In 1934, Nelson designed the surgical building of the hospital of the Suez Canal company in Ismailia, north-east Egypt. He changed the form of operating rooms, which become ovoid, using glass floors and walls. Despite his work's appreciation, it was not carried out in his innovation and the hospital was built using more traditional designs created by the company architect. The project was published on Cahiers d’Art in 1935 in an article signed by Jean Hélion.

From 1936 to 1938, Nelson worked on the design of a suspended house to show the benefits of steel construction as a solution to standard housing. For the project, he involved artists such as Jean Arp, Alexandre Calder, Fernand Léger, Joan Miró.

In 1937, Nelson participated in the competition of the international exhibition "Arts et Techniques dans la Vie Moderne" for the Palais de la Découverte at Grand Palais. His constructivist architecture project was not accepted. The same year, he joined his friend Fernand Léger in a contest for the radio WGN of Chicago.

After the war, Nelson worked on his magnum opus: the Centre Hospitalier Mémorial France - États-Unis in Saint-Lô, designed and built between 1946 and 1956, with contribution from the United States.

In 1946, Nelson worked together with Alberto Giacometti to design a memorial to Gabriel Péri.

Nelson took part in an experimental construction project of three modern buildings with the help of Charles Tillon (Minister for Reconstruction and Urban Planning in 1947).
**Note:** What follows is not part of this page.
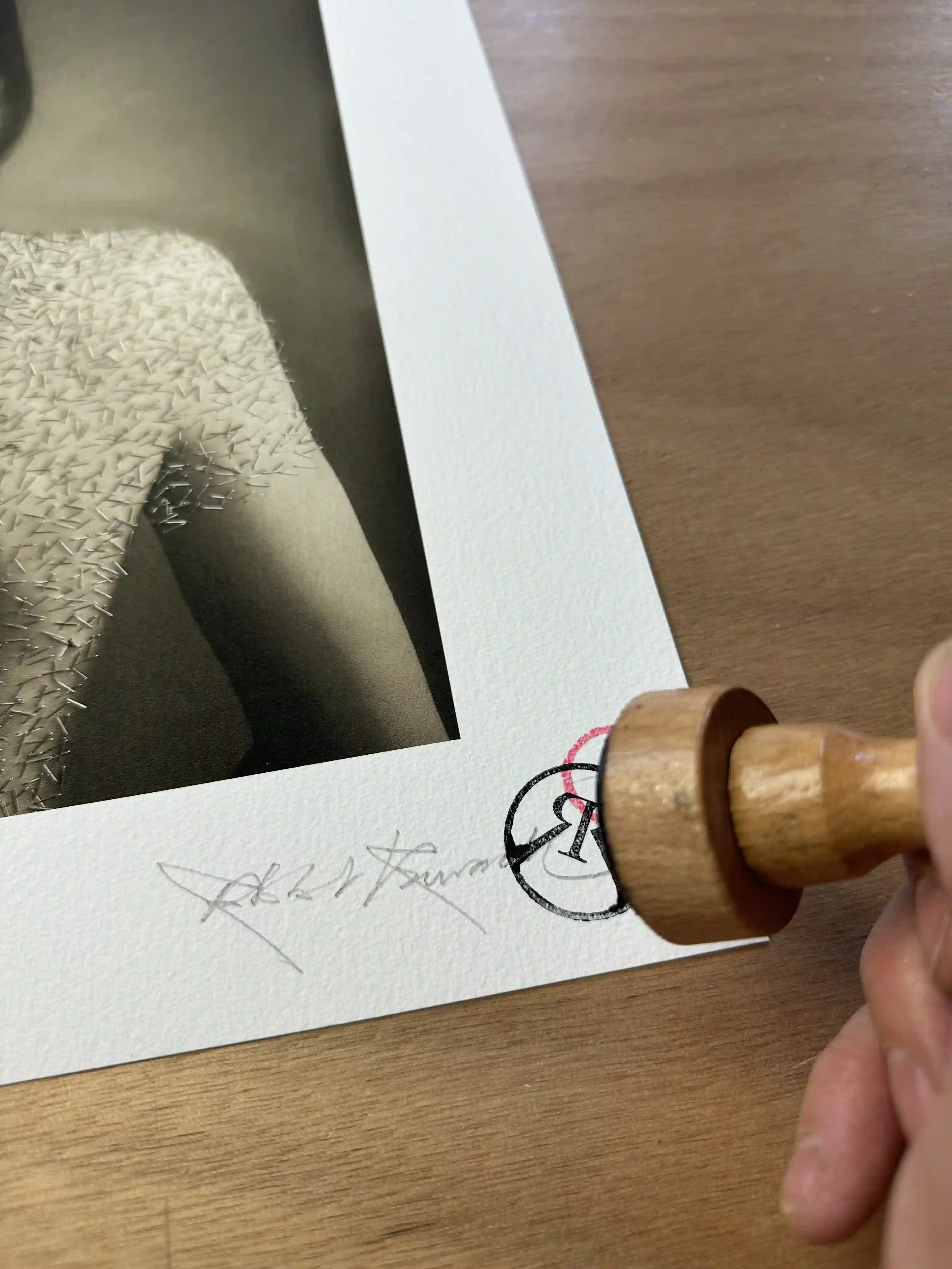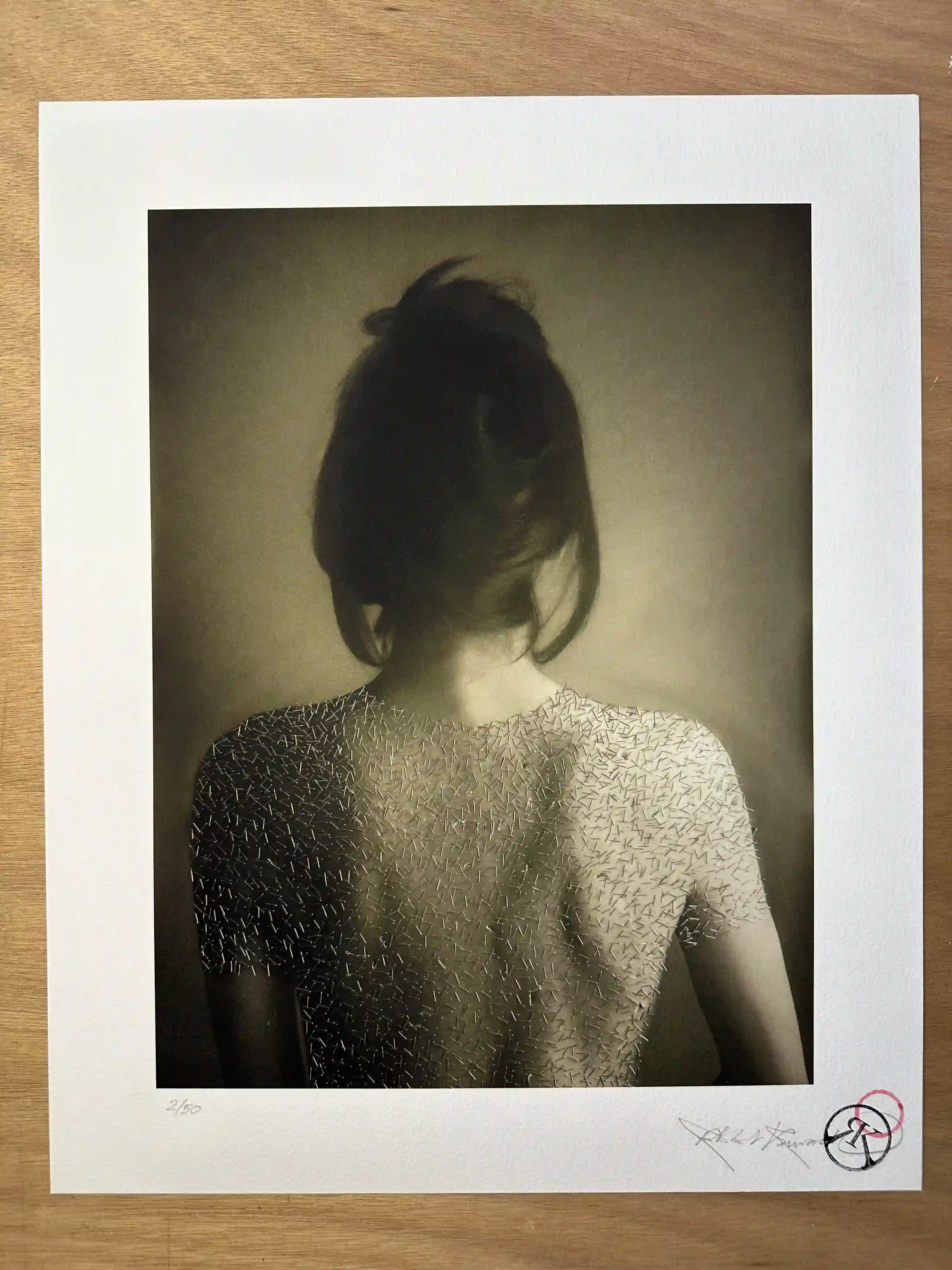 “Stapled Silk” Printed on luxurious Hahnemühle William Turner paper, each artwork features a 5cm white border, with the motif sized at 50 x 66 cm and overall dimensions of 60 x 76 cm. Signed and stamped.

It was related to Noisy-le-Sec reconstruction. He worked on it closely from 1950 to 1953 with architects Roger Gilbert and Charles Sébillotte.

In 1955, Nelson submitted a design for the Musée national Fernand Léger in Biot; it was not accepted, and the museum was built to the design of Andreï Svetchine.

Between 1967 and 1977, Nelson designed the Policlinique François I in Le Havre, as well as Dinan (1968) and Arles hospitals (1965–1974).